"""

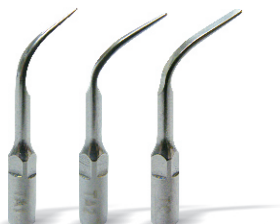
TA1 TA2 TC
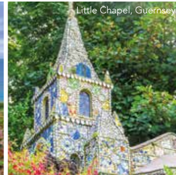
Little Chapel, Guernsey
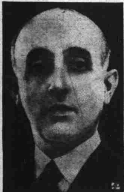
SUGGESTION —A "suggestion box" government is being tried by President Manuel Prado of Peru (above). People make proposals, agency studies their practicability.
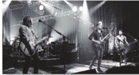
2. The Kings of Leon are A rock band
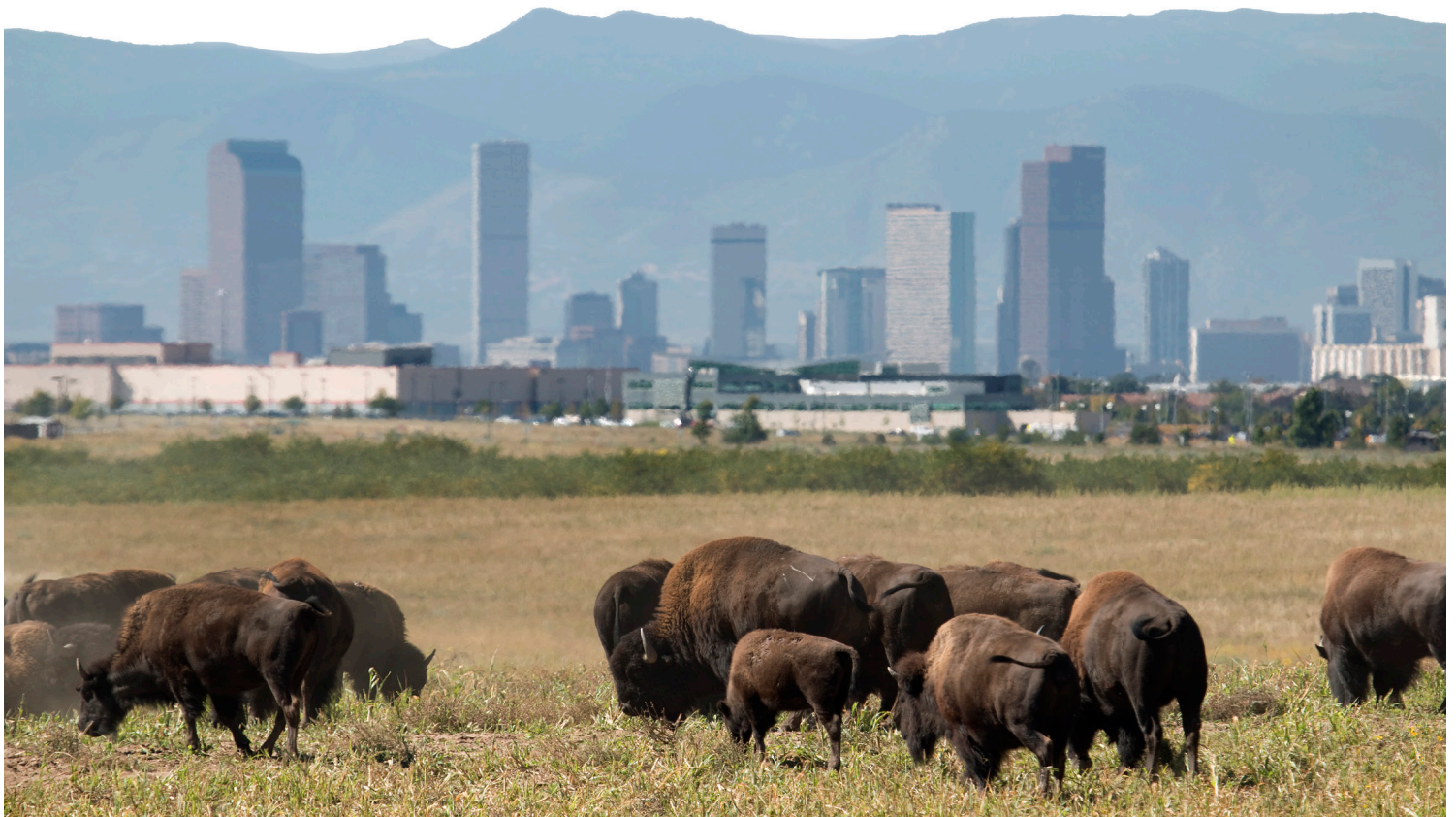
The Rocky Mountain Arsenal – now a National Wildlife Refuge – was the Superfund site that led the courts to address the question whether CERCLA preempts states' rights to enforce RCRA.

Whether you are a new lawyer, landman, or other professional working in oil and gas, mining, or public land law, a basic familiarity with hazardous substances law will benefit your practice. This one-hour video-linked CLE program will allow new professionals to learn the basics of the laws and regulations governing hazardous substances and wastes, and provide an opportunity to meet and network with your peers, without extensive time and travel.
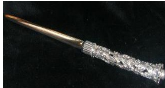
VC-336 Letter Knife—Openwork Grapes

"""

*PROBLEM STATEMENT*: A faithful, complete copy of the entries is required, without the pictures.

*SOLUTION TO THE PROBLEM*:
TA1 TA2 TC
Little Chapel, Guernsey
SUGGESTION —A "suggestion box" government is being tried by President Manuel Prado of Peru (above). People make proposals, agency studies their practicability.
2. The Kings of Leon are A rock band
The Rocky Mountain Arsenal – now a National Wildlife Refuge – was the Superfund site that led the courts to address the question whether CERCLA preempts states' rights to enforce RCRA.

Whether you are a new lawyer, landman, or other professional working in oil and gas, mining, or public land law, a basic familiarity with hazardous substances law will benefit your practice. This one-hour video-linked CLE program will allow new professionals to learn the basics of the laws and regulations governing hazardous substances and wastes, and provide an opportunity to meet and network with your peers, without extensive time and travel.
VC-336 Letter Knife—Openwork Grapes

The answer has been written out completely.